SoundChannel SOUND_COMPLETE not being fired when SoundChannel.stop() called...

  • August 29, 2015
  • 1 reply
  • 454 views

Hi all...

I'm writing some code that's an audio player; I'm using the streaming API (the SAMPLE_DATA event) to push the audio data.

This works fine, and I get a SOUND_COMPLETE event when there is no more sound data.

However, if I execute the function SoundChannel.stop() (in response to a "pause" button being pressed onscreen), the audio stops, but no SOUND_COMPLETE event is generated.

Is this as expected?  It seems odd to me that a SOUND_COMPLETE event would only be generated when incoming sound data is exhausted, but not when the stop() method is called.

Does anyone have experience with these APs?  I couldn't find a solution anywhere I've searched so far...

- Tim

This topic has been closed for replies.
Correct answer kglad

actually, i don't see a satisfactory way to do that because the soundchannel class is final and therefore cannot be extended (without hacking the soundchannel class).

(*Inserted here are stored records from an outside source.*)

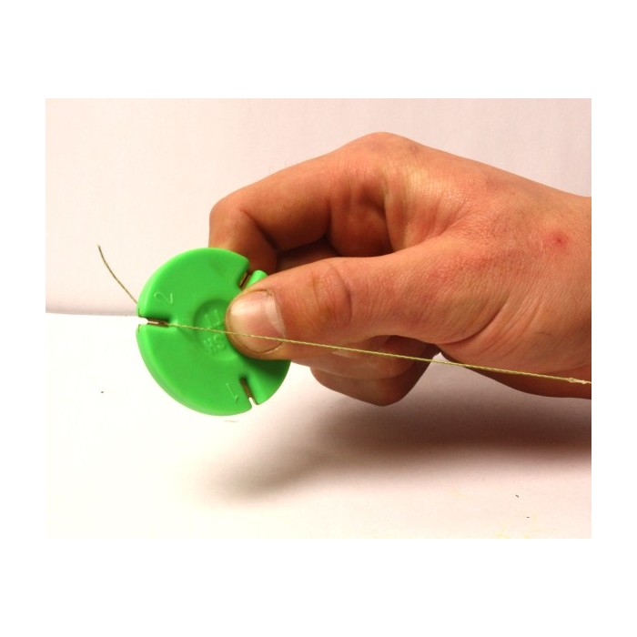 A handy tool to make the task of removing the plastic sheathing on coated braids simple and without the fear of damaging delicate hooklinks. It's round shape makes it ideal to store with your hooklink spools.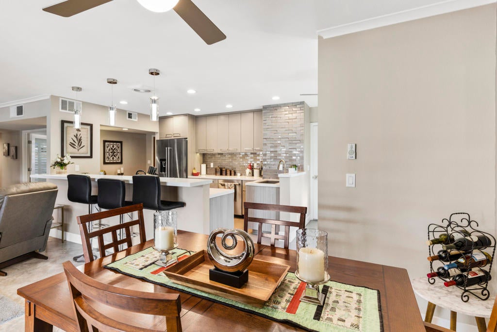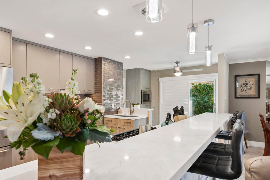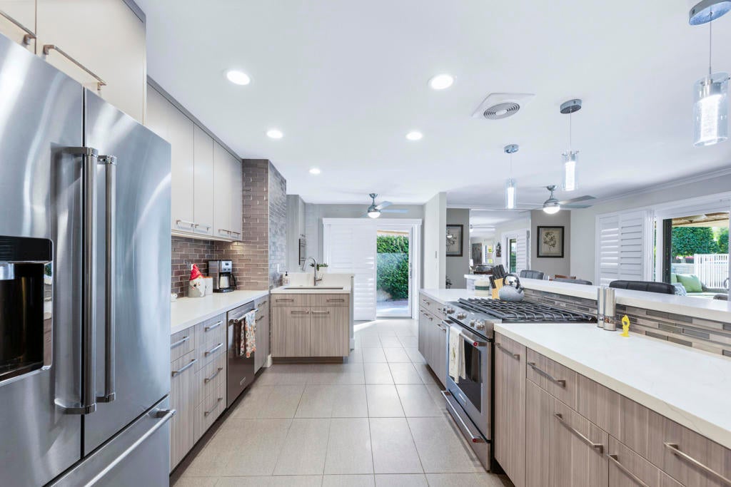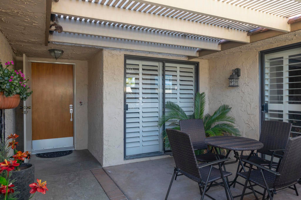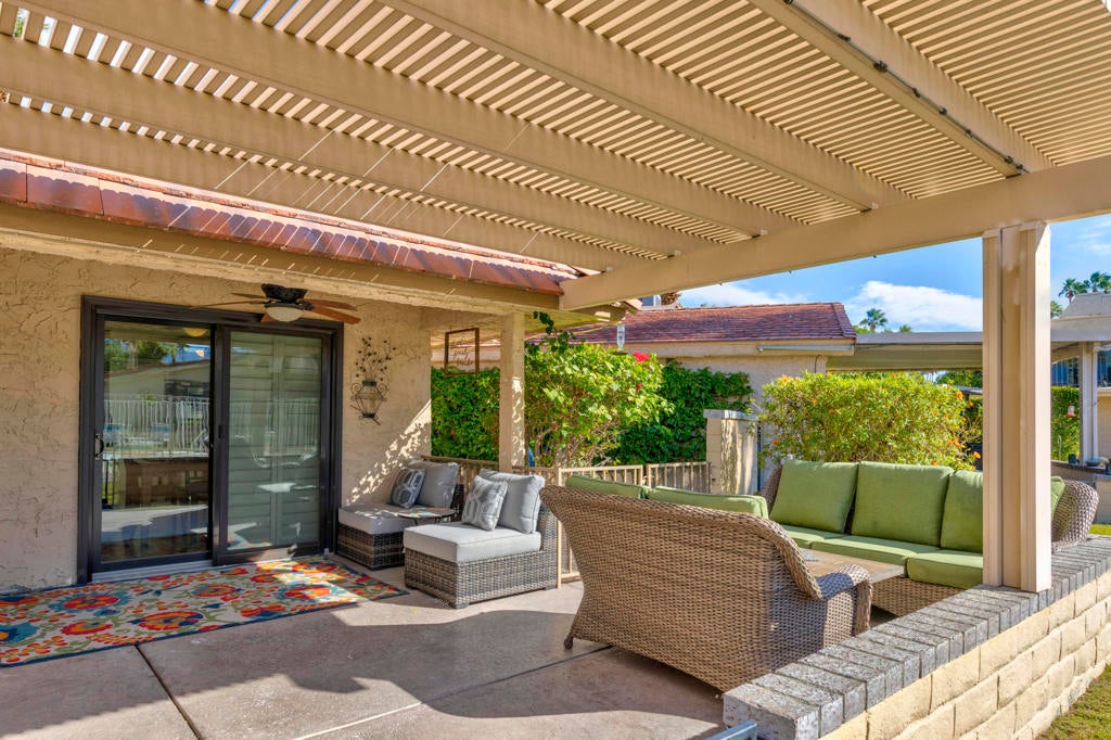 This stylish 1.550 sqft home is turnkey furnished and absolutely move-in ready - You are going to love the 2022 updated and freshly remodeled open concept kitchen with high-end cabinetry, coutertops and flooring with all new appliances. Enjoy beautiful pool and mountain views throughout the living area with ample outdoor seating under the covered lanai. The expansive primary bedroom, with patio access, boasts an upgraded en suite and has plenty of closet space. The den can easily be used as an office or 3rd bedroom for guests. Newer HVAC (2020) Newer water heater (2020) with 2 updated high-quality dual pane sliders by Anderson. Everything in this retreat home has been very well maintained with exceptional attention to detail. Whether you are looking for a gorgeous new place to call home or seeking a polished 2nd home- This is the one you have been waiting for! Cathedral Canyon Country Club is a centrally located gated community that boasts an 18-hole golf course, tennis courts with multiple pools and spas for your enjoyment!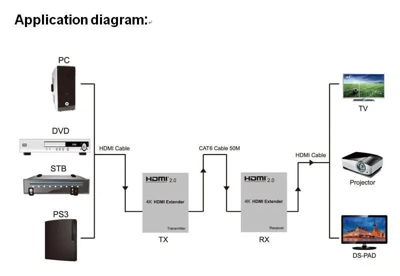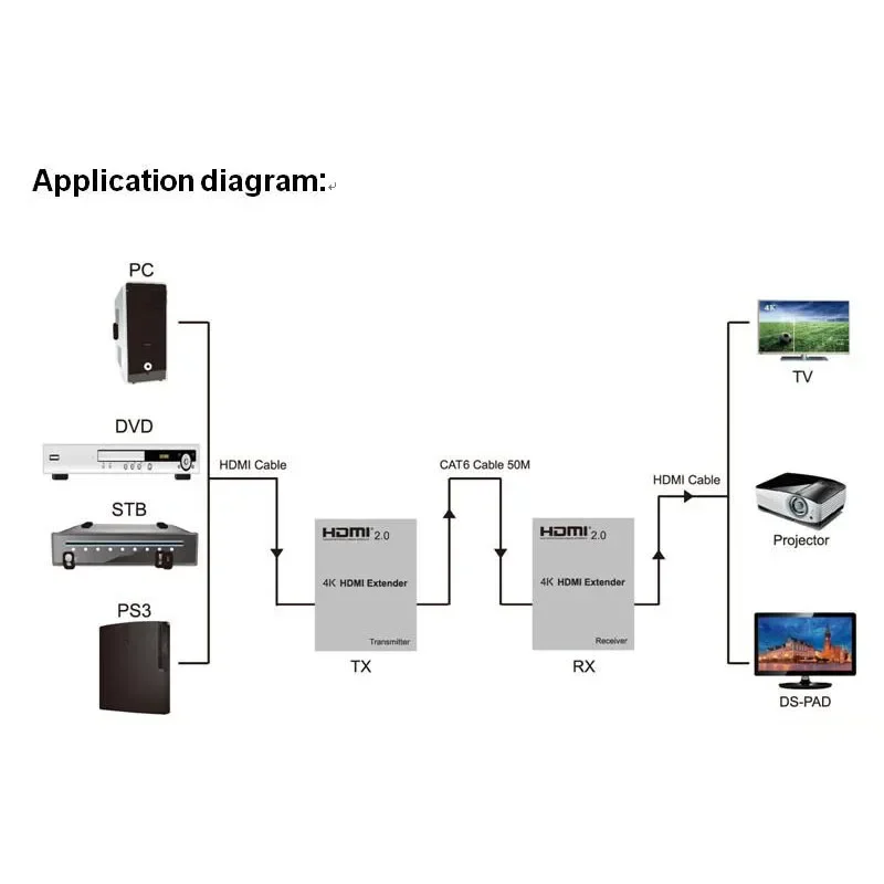 Comprar Extensor Ethernet 4K, 60Hz, HDMI 2,0, 50M vía Cable Rj45 Cat6, transmisor y receptor de vídeo para cámara PS4, ordenador portátil, PC a Monitor de TV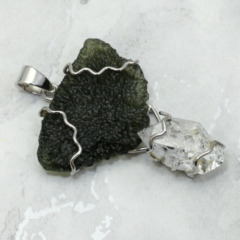 Make a statement with this beautiful Moldavite & Herkimer Diamond Silver Pendant. This piece of Moldavite is set into 925 Sterling Silver, its rich green colour stands out and contrasts beautifully with the Herkimer Diamond.

imo, tracking that in the obvious way is preferable.  ie, you know when stop() is applied, do or call whatever when that occurs.

1 reply

kglad
Community Expert
Community Expert
August 29, 2015

it's a soundcomplete event, not a soundstopped event so it makes sense to me.

and it you want to create a custom soundstopped event that dispatched when a sound stops, create it.

tbessieAuthor
Participant
August 29, 2015

Thanks, kglad - so, there's a way in ActionScript to add custom events to custom actions in predefined components like SoundChannel?

I could surely add my own event when I call SoundChannel.stop(), but that would be without knowledge of what SoundChannel.stop() is doing internally; ideally I'd generate such an event when stop() closes an actively playing stream (one that isn't already stopped), so that would require modifying the internals of SoundChannel, wouldn't it?

- Tim

kglad
Community Expert
kgladCommunity ExpertCorrect answer
Community Expert
August 30, 2015

actually, i don't see a satisfactory way to do that because the soundchannel class is final and therefore cannot be extended (without hacking the soundchannel class).

imo, tracking that in the obvious way is preferable.  ie, you know when stop() is applied, do or call whatever when that occurs.